Peak shaving is probably a reservoir, which stores the flow and flows slowly. Flow limiting is probably a gate, which rejects excess flow.

2. Overview of current limiting

At the beginning of the design of most microservice architectures, such as in the technology selection stage, architects will plan the combination of technology stacks from a global perspective. For example, should Dubbo be used based on the current product status? Or springcloud? As the underlying framework for microservice governance. Even in order to meet the rapid launch, iteration and delivery, we directly use springboot as the base for development, and then introduce new technology stacks, etc...

Therefore, when talking about specific technical solutions for a certain business scenario, we cannot generalize. Instead, we need to make a comprehensive assessment based on the current status of the product and business. In terms of current limiting, the specific selection may not be possible under the different technical architectures below. Same

2.1 dubbo service governance model

Choosing the dubbo framework as the basic service governance is good for applications that are biased toward internal platforms. The bottom layer of dubbo uses netty. Compared with the http protocol, it still has advantages in certain scenarios. If you choose dubbo, choose current limiting. The following references can be made on the plan.

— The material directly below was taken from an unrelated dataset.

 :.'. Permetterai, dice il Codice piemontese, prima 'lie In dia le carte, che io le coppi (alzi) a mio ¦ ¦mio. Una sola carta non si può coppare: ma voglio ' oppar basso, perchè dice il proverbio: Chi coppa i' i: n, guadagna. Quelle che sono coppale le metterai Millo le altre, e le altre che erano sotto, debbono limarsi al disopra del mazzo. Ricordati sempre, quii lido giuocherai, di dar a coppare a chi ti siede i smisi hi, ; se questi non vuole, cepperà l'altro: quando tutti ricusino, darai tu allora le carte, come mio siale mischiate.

2.1.1 dubbo frame-level current limiting

Dubbo officially provides complete service governance, which can meet the needs of most development scenarios. For the current limiting scenario, it specifically includes the following methods. For specific configuration, please refer to the official manual;

Client current limit

  • Semaphore current limit (through statistics)
  • Connection number limit (socket->tcp)

Server side current limit

  • Thread pool current limit (isolation means)
  • Semaphore current limiting (non-isolation means)
  • Receive number current limit (socket->tcp)

2.1.2 Thread pool settings

Multi-threaded concurrent operations must be inseparable from thread pools. Dubbo itself provides support for four thread pool types. The key parameters of the thread pool can be configured in the Producer <dubbo:protocol>tab, such as the thread pool type, the size of the blocking queue, and the number of core threads. By configuring the number of thread pools on the production side, the current limiting effect can be achieved to a certain extent.

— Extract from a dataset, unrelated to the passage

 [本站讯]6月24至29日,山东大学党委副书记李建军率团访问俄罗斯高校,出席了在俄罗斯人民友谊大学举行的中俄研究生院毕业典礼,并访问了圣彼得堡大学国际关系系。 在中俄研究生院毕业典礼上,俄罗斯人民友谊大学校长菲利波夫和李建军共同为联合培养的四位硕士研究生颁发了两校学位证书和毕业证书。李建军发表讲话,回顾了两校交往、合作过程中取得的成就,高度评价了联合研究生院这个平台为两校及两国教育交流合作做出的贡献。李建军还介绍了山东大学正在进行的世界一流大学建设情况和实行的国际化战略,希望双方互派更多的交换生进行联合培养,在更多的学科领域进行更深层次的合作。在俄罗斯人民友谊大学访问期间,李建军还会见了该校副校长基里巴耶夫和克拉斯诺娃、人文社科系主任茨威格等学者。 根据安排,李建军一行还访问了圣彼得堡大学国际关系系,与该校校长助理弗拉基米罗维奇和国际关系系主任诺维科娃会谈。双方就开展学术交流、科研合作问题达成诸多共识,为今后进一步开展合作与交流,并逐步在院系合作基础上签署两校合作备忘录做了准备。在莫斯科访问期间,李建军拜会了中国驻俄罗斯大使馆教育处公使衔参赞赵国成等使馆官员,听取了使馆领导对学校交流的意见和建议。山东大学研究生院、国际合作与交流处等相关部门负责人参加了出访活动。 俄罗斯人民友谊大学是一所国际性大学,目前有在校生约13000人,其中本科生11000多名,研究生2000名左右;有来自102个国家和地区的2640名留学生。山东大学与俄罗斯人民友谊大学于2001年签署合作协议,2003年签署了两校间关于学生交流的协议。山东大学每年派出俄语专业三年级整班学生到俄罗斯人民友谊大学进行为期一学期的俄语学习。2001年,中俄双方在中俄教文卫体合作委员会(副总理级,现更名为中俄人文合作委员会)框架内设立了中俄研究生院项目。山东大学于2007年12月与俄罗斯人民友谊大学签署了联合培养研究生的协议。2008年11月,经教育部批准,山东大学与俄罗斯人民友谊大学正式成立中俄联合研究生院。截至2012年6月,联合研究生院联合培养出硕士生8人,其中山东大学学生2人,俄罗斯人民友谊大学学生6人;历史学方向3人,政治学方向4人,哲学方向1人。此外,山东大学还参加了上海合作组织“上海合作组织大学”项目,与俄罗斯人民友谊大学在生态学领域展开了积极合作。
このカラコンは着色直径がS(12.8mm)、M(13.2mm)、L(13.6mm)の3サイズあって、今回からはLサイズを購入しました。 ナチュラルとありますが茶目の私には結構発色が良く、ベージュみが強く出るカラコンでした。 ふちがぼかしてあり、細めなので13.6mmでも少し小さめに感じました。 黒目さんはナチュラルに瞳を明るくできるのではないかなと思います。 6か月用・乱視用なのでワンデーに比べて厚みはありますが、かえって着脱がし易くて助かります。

2.1.3 Integrate third-party components

If it is a springboot framework project, you can consider directly introducing local components or SDKs, such as hystrix, guava, sentinel native SDK, etc. If your technical strength is strong enough, you can even consider building your own wheels.

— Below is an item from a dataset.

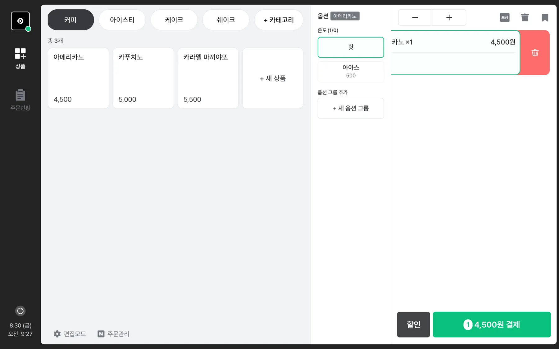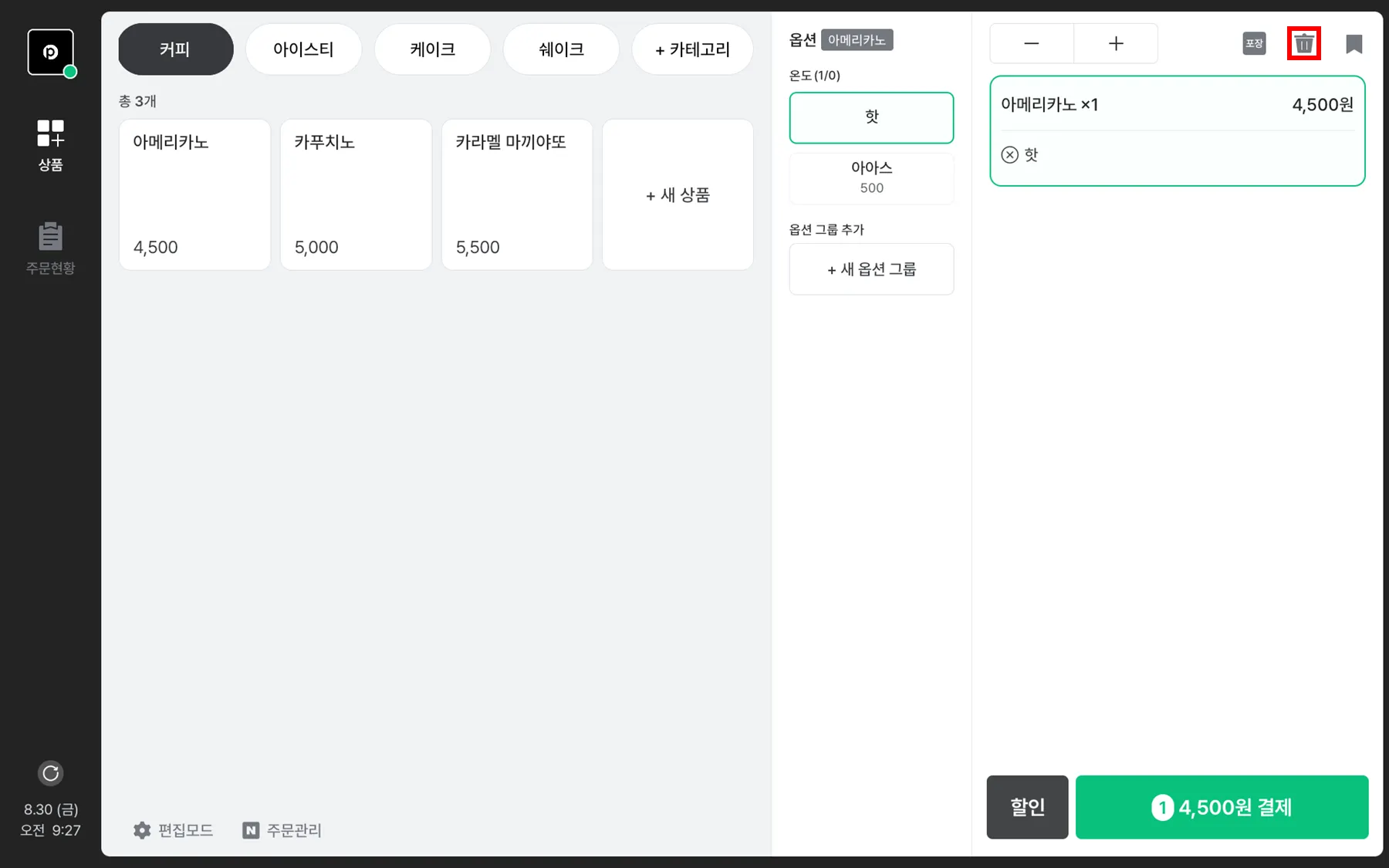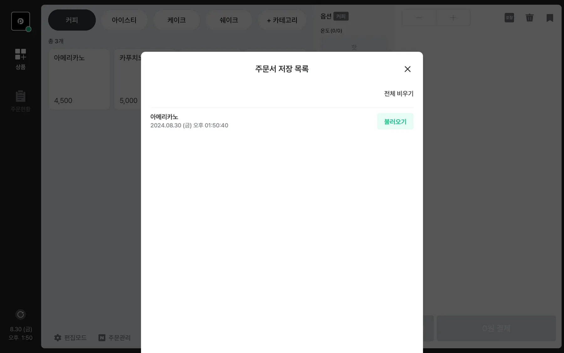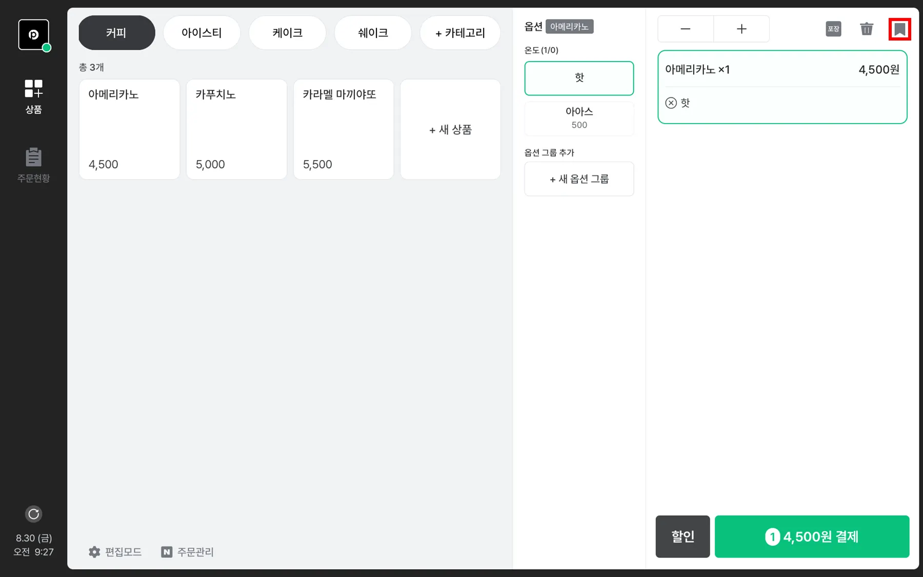 저장 아이콘을 선택 하여 상품목록을 대기시킬 수 있어요.

2.2 springcloud service governance model

If you use springcloud or springcloud-alibaba as your service governance framework, the framework’s own ecology already contains corresponding current-limiting components, which can be used out of the box. Here are some commonly used current-limiting components based on the springcloud framework .

2.2.1 hystrix

Hystrix is ​​a fault-tolerant framework open sourced by Netflix. When springcloud was launched to the market in the early days, it was used as a component in the springcloud ecosystem for current limiting, fusing, and downgrading.

Hystrix provides a current limiting function. In the springcloud architecture system, Hystrix can be enabled on the gateway for current limiting processing, and each microservice can also enable Hystrix for current limiting.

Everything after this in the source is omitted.